牙龍−元姫−
「俺も初めは響子が裏切り者だと信じて疑わなかった」
「…っ」
微かに歪められた顔色。少しだけ俯いている響子ちゃん。
栗色の髪に隠れた表情は彼らには見えはしなかったが、このカウンター内からは微かながらに歪められたのをこの目で捕らえた。
直接本人から聞くのは堪えるじゃろう。
「改め直してみて考えが変わったのは途中からだ。それから過ちにも薄々気付き始めた」
黒は再び語り始めた。
だんだん明確に見え始める黒の想いに、どうしてココまで絡まり、解けない程に縺れ合っているのかと問いたくなった。

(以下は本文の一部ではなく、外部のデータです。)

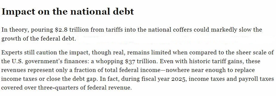 雖然美國(guó)政府確實(shí)從其濫施的關(guān)稅中“賺”了一筆,但專家們?nèi)匀痪嬷赋?,與37萬(wàn)億美元的龐大美債規(guī)模相比,關(guān)稅收入實(shí)屬九牛一毛。即使加上歷史上的關(guān)稅收益,它們也只占聯(lián)邦總收入的一小部分,遠(yuǎn)不足以取代所得稅或縮小債務(wù)缺口。

“響子がそんな奴じゃねえなんて分かりきってる事だった。
それでも俺はアイツから任された牙龍を堕とすわけにはいかなかった。
だからこうなった…
なんて所詮言い訳にしか過ぎない。
だがこの判断が更に牙龍を堕とす事になるとは思いもしなかった。”
判断――‥それは響子ちゃんを裏切り者としてしまった誤った判断。
牙龍を束ねる総長として人一倍、悔み、喪失感を味わっているじゃろう。
「女一人守れねえ“総長”なんて形だけだ」
黒は、そう言って自嘲した。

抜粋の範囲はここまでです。